BEGIN Given data
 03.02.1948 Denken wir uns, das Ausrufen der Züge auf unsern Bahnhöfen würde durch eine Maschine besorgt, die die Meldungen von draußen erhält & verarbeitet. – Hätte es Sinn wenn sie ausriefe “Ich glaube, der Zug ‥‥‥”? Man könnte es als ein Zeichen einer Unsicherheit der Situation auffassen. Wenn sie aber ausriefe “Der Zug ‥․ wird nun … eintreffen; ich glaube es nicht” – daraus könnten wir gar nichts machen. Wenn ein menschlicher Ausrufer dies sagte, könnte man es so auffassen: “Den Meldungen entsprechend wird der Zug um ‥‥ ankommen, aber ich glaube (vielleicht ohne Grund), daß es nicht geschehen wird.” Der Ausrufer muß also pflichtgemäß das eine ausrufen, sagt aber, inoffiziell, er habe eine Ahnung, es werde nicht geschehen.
END Given data
BEGIN Given data
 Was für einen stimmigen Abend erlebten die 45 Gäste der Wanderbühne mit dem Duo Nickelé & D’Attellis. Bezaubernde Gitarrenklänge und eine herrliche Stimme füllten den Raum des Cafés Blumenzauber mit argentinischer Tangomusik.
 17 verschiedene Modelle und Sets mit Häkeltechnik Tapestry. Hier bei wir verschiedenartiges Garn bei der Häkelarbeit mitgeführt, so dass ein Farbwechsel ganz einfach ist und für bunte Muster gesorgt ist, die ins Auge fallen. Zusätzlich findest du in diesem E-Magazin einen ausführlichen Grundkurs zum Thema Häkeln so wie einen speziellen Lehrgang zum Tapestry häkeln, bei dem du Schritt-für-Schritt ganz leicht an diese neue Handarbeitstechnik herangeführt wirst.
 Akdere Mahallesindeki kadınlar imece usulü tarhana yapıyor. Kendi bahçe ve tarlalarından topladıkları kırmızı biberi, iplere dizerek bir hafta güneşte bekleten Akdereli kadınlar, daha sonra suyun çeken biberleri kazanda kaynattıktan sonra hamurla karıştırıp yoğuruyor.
END Given data
BEGIN Given data
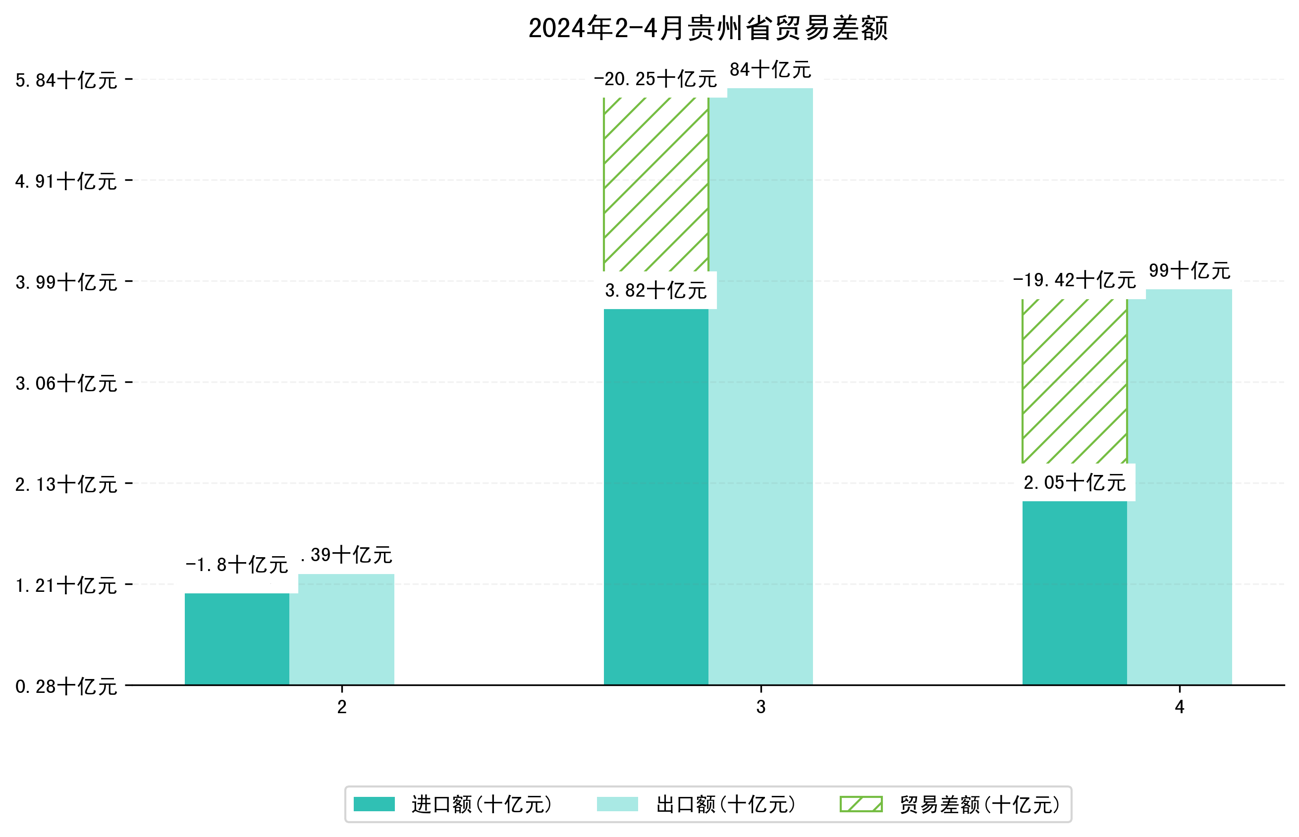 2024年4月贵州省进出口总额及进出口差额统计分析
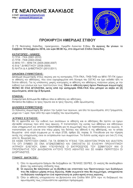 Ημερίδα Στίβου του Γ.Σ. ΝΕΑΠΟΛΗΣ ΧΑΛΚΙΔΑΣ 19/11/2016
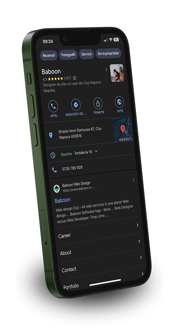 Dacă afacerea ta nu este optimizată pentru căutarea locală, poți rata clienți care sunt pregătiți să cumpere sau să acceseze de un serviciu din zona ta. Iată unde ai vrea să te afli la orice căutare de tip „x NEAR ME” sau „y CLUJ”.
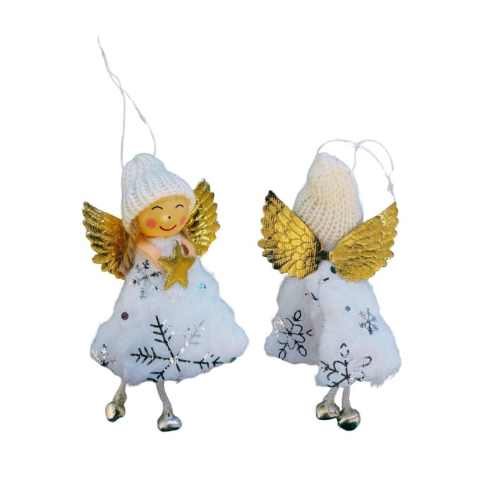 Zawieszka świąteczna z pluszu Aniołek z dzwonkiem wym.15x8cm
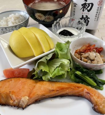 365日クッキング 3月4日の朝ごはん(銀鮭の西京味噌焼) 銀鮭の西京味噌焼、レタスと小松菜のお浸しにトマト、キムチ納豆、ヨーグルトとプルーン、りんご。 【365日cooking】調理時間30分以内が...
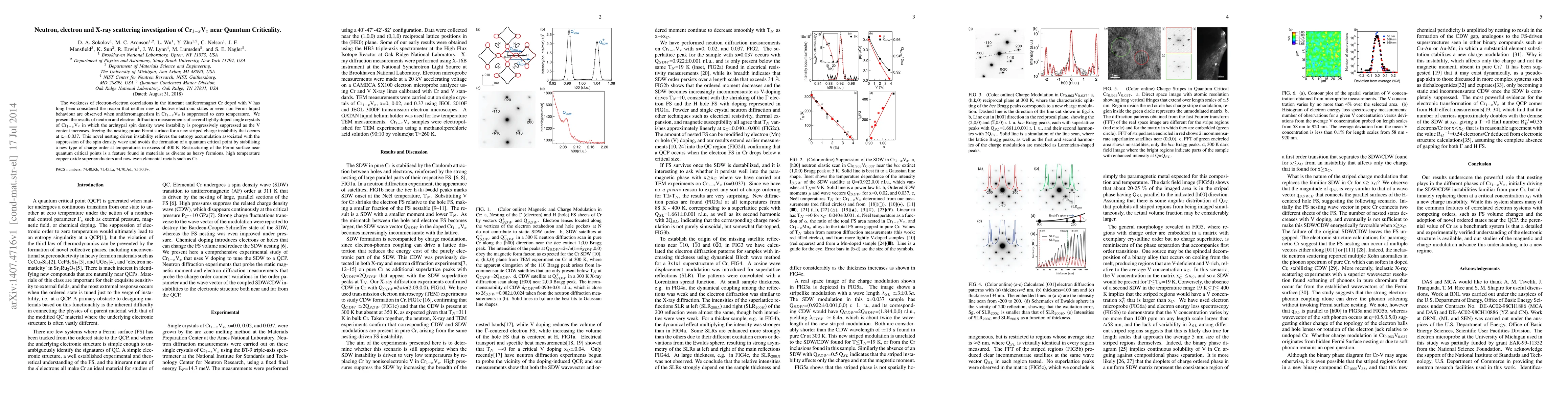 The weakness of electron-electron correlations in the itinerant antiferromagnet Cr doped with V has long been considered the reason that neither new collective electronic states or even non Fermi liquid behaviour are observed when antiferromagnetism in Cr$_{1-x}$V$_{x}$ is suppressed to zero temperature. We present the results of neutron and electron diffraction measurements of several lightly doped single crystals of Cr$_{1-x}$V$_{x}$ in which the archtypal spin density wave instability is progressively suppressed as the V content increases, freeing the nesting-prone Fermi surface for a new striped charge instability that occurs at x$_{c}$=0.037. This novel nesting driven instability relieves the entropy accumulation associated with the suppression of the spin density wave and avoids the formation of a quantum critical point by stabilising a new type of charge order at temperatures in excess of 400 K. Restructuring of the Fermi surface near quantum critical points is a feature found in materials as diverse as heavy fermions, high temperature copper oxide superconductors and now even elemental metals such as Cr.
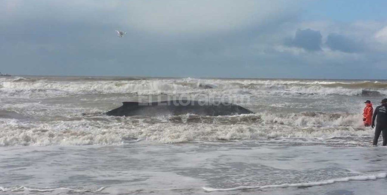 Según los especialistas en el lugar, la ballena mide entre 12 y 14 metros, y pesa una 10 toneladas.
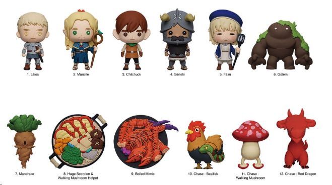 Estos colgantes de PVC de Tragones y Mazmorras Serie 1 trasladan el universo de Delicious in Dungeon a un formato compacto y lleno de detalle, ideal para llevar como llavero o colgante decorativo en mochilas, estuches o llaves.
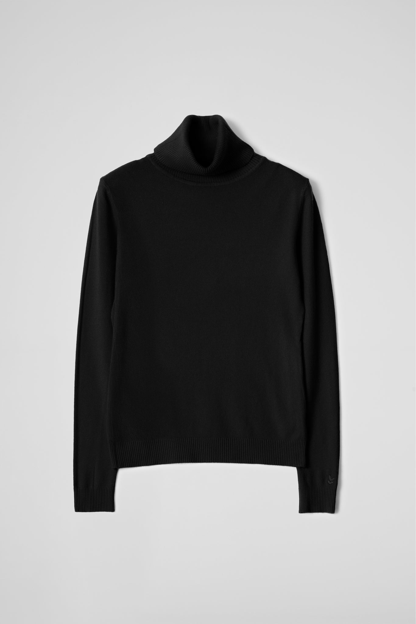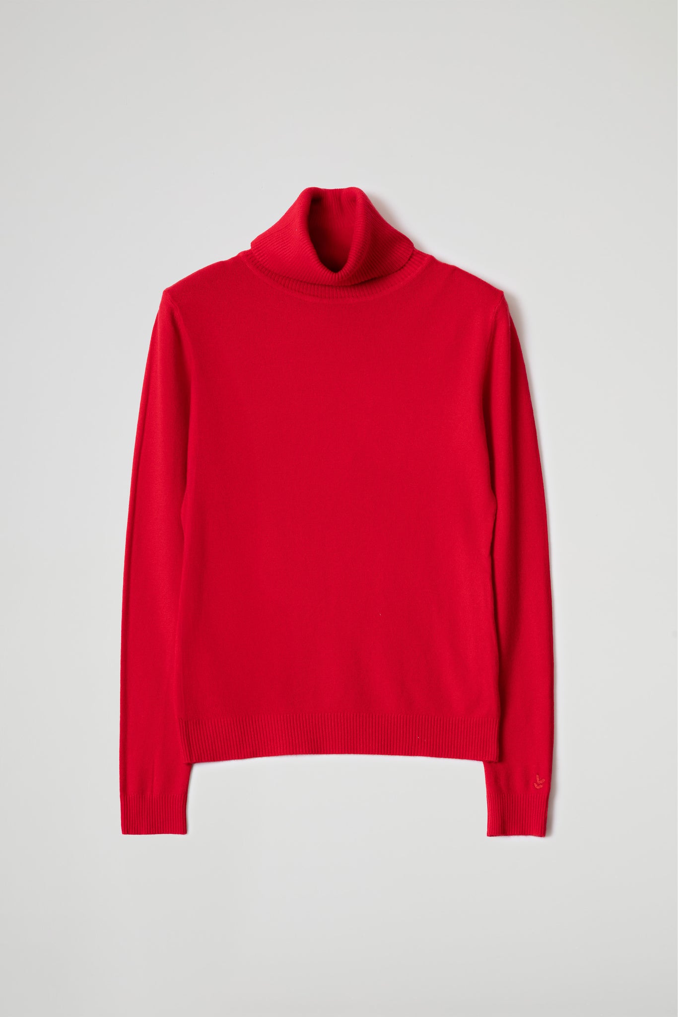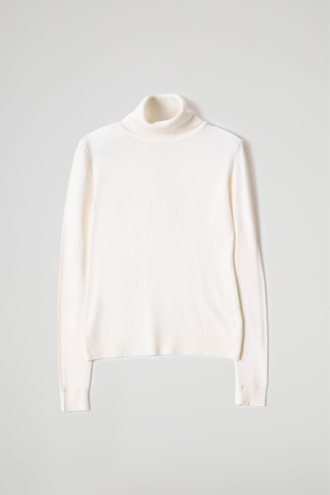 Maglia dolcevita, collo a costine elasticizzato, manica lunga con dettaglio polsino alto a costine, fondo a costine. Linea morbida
END Given data
**How to complete this task**
Would you please copy, word for word, everything above from the line containing "Was für einen" down to the line containing "17 verschiedene Modelle", those two lines included?

**Exercise answer**
 Was für einen stimmigen Abend erlebten die 45 Gäste der Wanderbühne mit dem Duo Nickelé & D’Attellis. Bezaubernde Gitarrenklänge und eine herrliche Stimme füllten den Raum des Cafés Blumenzauber mit argentinischer Tangomusik.
 17 verschiedene Modelle und Sets mit Häkeltechnik Tapestry. Hier bei wir verschiedenartiges Garn bei der Häkelarbeit mitgeführt, so dass ein Farbwechsel ganz einfach ist und für bunte Muster gesorgt ist, die ins Auge fallen. Zusätzlich findest du in diesem E-Magazin einen ausführlichen Grundkurs zum Thema Häkeln so wie einen speziellen Lehrgang zum Tapestry häkeln, bei dem du Schritt-für-Schritt ganz leicht an diese neue Handarbeitstechnik herangeführt wirst.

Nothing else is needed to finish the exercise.